Transcribe the records that follow. Keep every word exactly, and drop the pictures.

### Given records ###

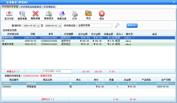 进货管理:进行商品采购入库,采购退货,进/退单据和当前库存查询,与供货商的往来帐务。
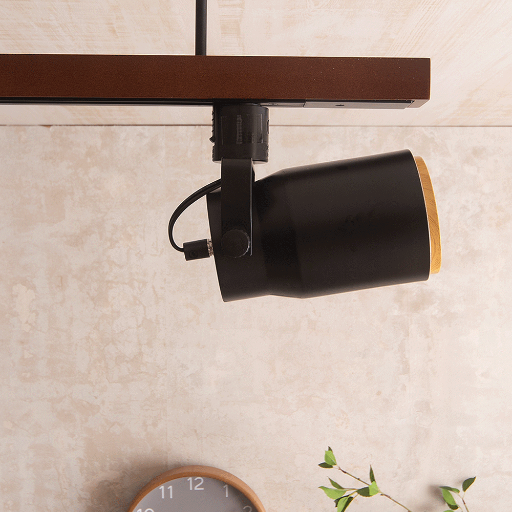 シンプルだけど存在感のあるおしゃれなダクトレール用スポットライト。無地なシェードにアクセントとなる木目のパーツを加えるだけの、飽きがこないモダンでスタイリッシュな印象です。 木調を主張しすぎない分、どんなインテリアにも馴染みやすく、いつまでもあたたかく、程よく日々の暮らしをおしゃれに照らしてくれます。
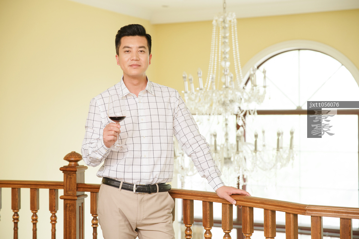 图片标题: 中年男人拿着高脚杯
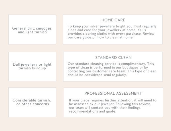 Select designs are not suited for a polishing cloth or spray – including those with a brushed finish or oxidised silver – and such pieces will need to be professionally cleaned by our team.
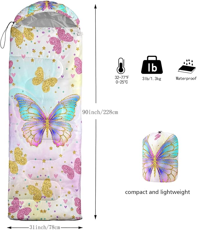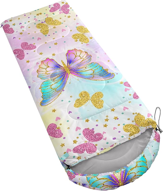 • 【Fashion Design】This is an animal-themed sleeping bag printed with colorful butterfly parttern.This camping sleeping bag uses comfortable fabric to make you feel warm and comfortable.As camping essentials,you can give this hiking sleeping bag as a gift to your family or friends.
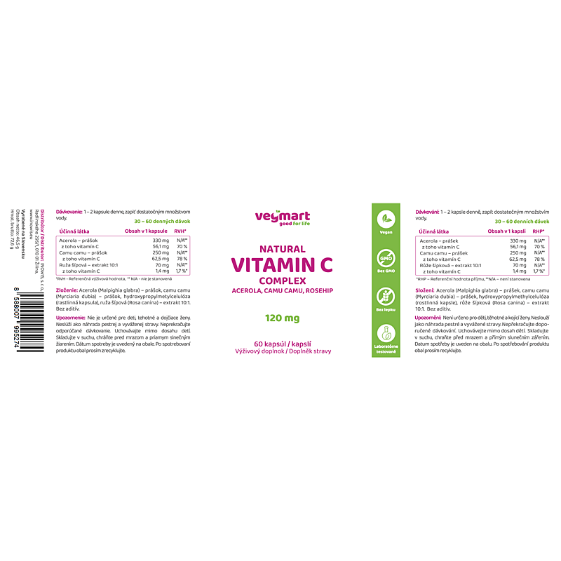 | Originálny názov výrobcu: | Natural Vitamin C complex 120 mg – Acerola, Camu camu, Rosehip |
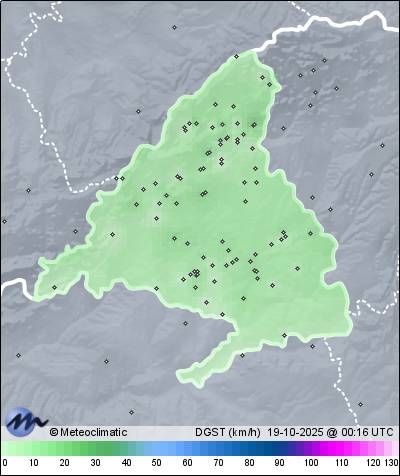 18-10-2025 | | Máx. | Mín. | | Temperatura | 19,6 | 3,9 | °C | Humedad | 94 | 46 | % | Viento | 5 | n/a | km/h | Precipitación | 0,0 | mm |
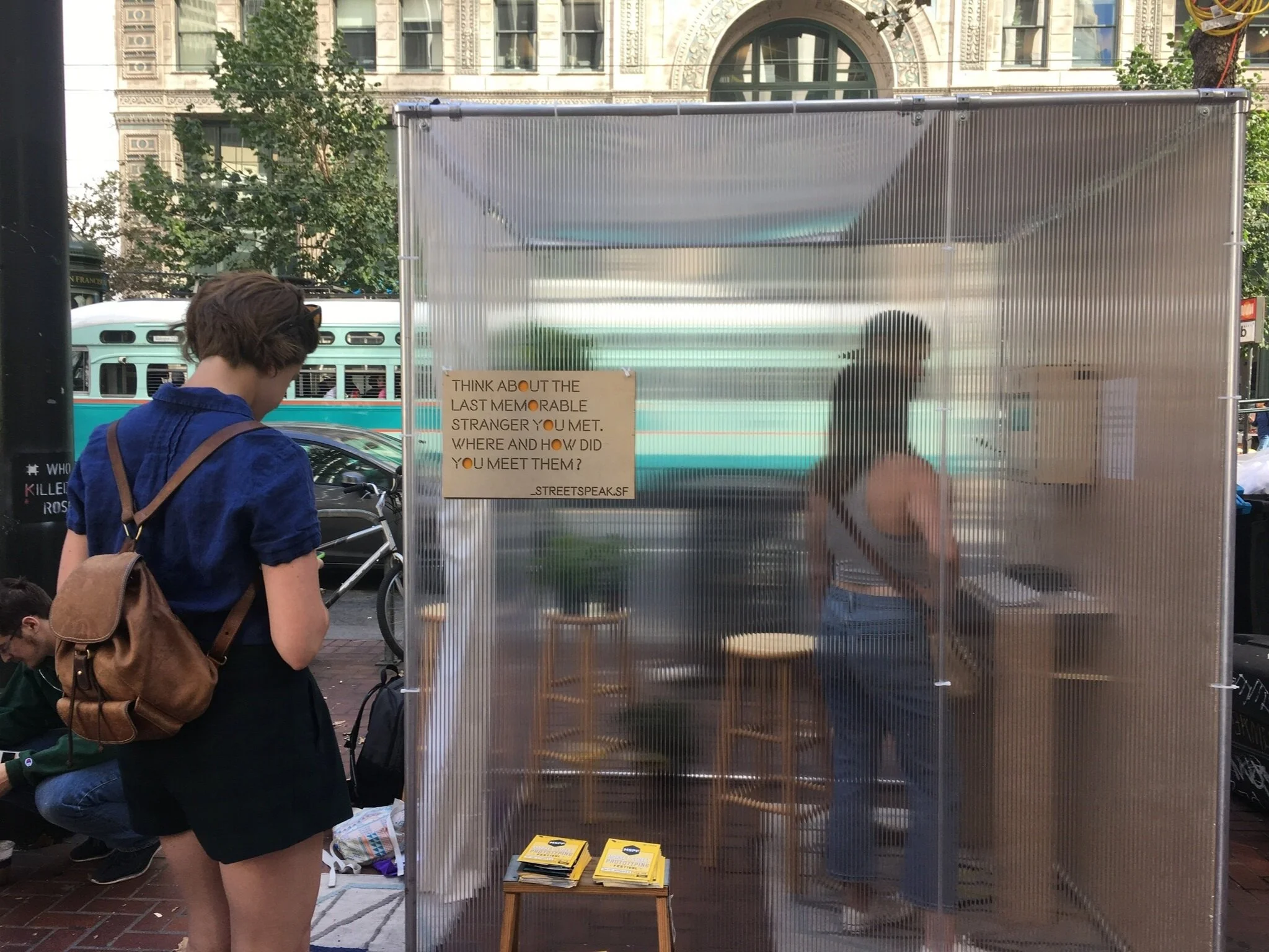 Street Speak is a mobile, storytelling platform that allows people to tell and hear brief stories in response to an interchangeable prompt. Download the festival wrap-up report here. Street Speak encourages passersby to become engaged with others in the built environment they share, and connects them to others in their community. The interactive design allows individuals to activate the spaces where they live by contributing their own experiences to expand the reach of the platform. Street Speak can be used by people of all ages and abilities to record responses and offer opinions, tapping into the diverse needs of each community. Restart [your city] hopes to use Street Speak as a tool to inform how we build our cities with the input of the people who live there.
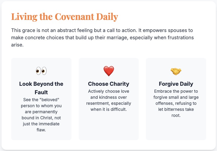 The daily grace flowing from the Eucharist is a profound strengthening of charity. It empowers us to look past grievances and social labels and see Christ in the person next to us. This sacramental communion challenges us to bring reconciliation to our families, workplaces, and divided communities, transforming our relationships from worldly contracts into bonds of supernatural kinship in the Lord.
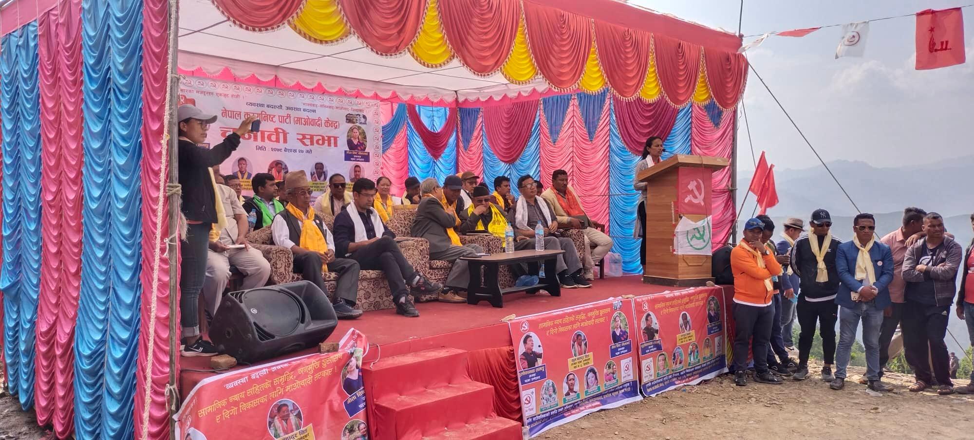 चुनावी कार्यक्रम अन्तर्गत नेकपा माओवादीले अन्तिम चुनावी सभा गाउँपालिकाको केन्द्र हिलेदेवीमा सम्पन्न गरेको छ । पाँच वटै वडामा चुनावी घरदैलो सम्पन्न गरेसँगै माओवादीले आज प्रचार प्रसारको अन्तिम दिन पालिकाको केन्द्रमा चुनावी सभा सम्पन्न गरेको हो । चुनावी सभालाई सम्बोधन गर्दै नेकपा माओवादी केन्द्रका नेता हरिबोल गजुरेलले परिवर्तनकारी शक्तिले आगामी स्थानीय तहको निर्वाचन जित्ने बताए । उनले सुनापति गाउँपालिका जनयुद्धदेखि हालसम्म कम्युनिष्टहरुको उदमस्थल भएको बताउदै स्थानीय तहको निर्वाचनमा पनि माओवादी विजयी हुने बताए ।
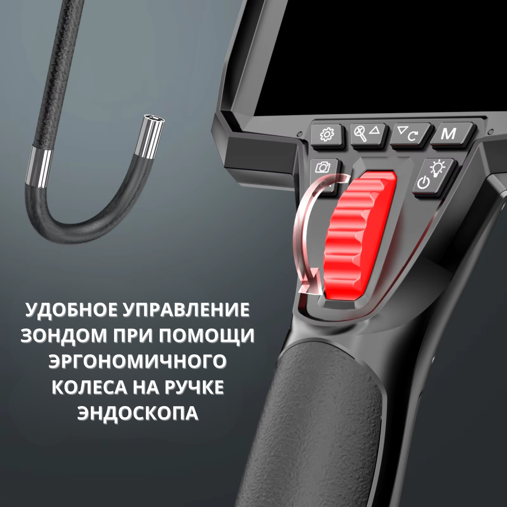 Отличительной особенностью видеоэндоскопа является наличие механизма управления наконечником зонда. Камера вращается на 180 градусов в обе стороны при помощи специального колеса на корпусе прибора. Таким образом можно производить осмотр стенок цилиндра двигателя, повернув камеру на 90°. А при развороте на 180° можно оценить и состояние клапанов, что даёт более объективную картину о состоянии камеры сгорания.

###

* Response:
 进货管理:进行商品采购入库,采购退货,进/退单据和当前库存查询,与供货商的往来帐务。
 シンプルだけど存在感のあるおしゃれなダクトレール用スポットライト。無地なシェードにアクセントとなる木目のパーツを加えるだけの、飽きがこないモダンでスタイリッシュな印象です。 木調を主張しすぎない分、どんなインテリアにも馴染みやすく、いつまでもあたたかく、程よく日々の暮らしをおしゃれに照らしてくれます。
 图片标题: 中年男人拿着高脚杯
 Select designs are not suited for a polishing cloth or spray – including those with a brushed finish or oxidised silver – and such pieces will need to be professionally cleaned by our team.
 • 【Fashion Design】This is an animal-themed sleeping bag printed with colorful butterfly parttern.This camping sleeping bag uses comfortable fabric to make you feel warm and comfortable.As camping essentials,you can give this hiking sleeping bag as a gift to your family or friends.
 | Originálny názov výrobcu: | Natural Vitamin C complex 120 mg – Acerola, Camu camu, Rosehip |
 18-10-2025 | | Máx. | Mín. | | Temperatura | 19,6 | 3,9 | °C | Humedad | 94 | 46 | % | Viento | 5 | n/a | km/h | Precipitación | 0,0 | mm |
 Street Speak is a mobile, storytelling platform that allows people to tell and hear brief stories in response to an interchangeable prompt. Download the festival wrap-up report here. Street Speak encourages passersby to become engaged with others in the built environment they share, and connects them to others in their community. The interactive design allows individuals to activate the spaces where they live by contributing their own experiences to expand the reach of the platform. Street Speak can be used by people of all ages and abilities to record responses and offer opinions, tapping into the diverse needs of each community. Restart [your city] hopes to use Street Speak as a tool to inform how we build our cities with the input of the people who live there.
 The daily grace flowing from the Eucharist is a profound strengthening of charity. It empowers us to look past grievances and social labels and see Christ in the person next to us. This sacramental communion challenges us to bring reconciliation to our families, workplaces, and divided communities, transforming our relationships from worldly contracts into bonds of supernatural kinship in the Lord.
 चुनावी कार्यक्रम अन्तर्गत नेकपा माओवादीले अन्तिम चुनावी सभा गाउँपालिकाको केन्द्र हिलेदेवीमा सम्पन्न गरेको छ । पाँच वटै वडामा चुनावी घरदैलो सम्पन्न गरेसँगै माओवादीले आज प्रचार प्रसारको अन्तिम दिन पालिकाको केन्द्रमा चुनावी सभा सम्पन्न गरेको हो । चुनावी सभालाई सम्बोधन गर्दै नेकपा माओवादी केन्द्रका नेता हरिबोल गजुरेलले परिवर्तनकारी शक्तिले आगामी स्थानीय तहको निर्वाचन जित्ने बताए । उनले सुनापति गाउँपालिका जनयुद्धदेखि हालसम्म कम्युनिष्टहरुको उदमस्थल भएको बताउदै स्थानीय तहको निर्वाचनमा पनि माओवादी विजयी हुने बताए ।
 Отличительной особенностью видеоэндоскопа является наличие механизма управления наконечником зонда. Камера вращается на 180 градусов в обе стороны при помощи специального колеса на корпусе прибора. Таким образом можно производить осмотр стенок цилиндра двигателя, повернув камеру на 90°. А при развороте на 180° можно оценить и состояние клапанов, что даёт более объективную картину о состоянии камеры сгорания.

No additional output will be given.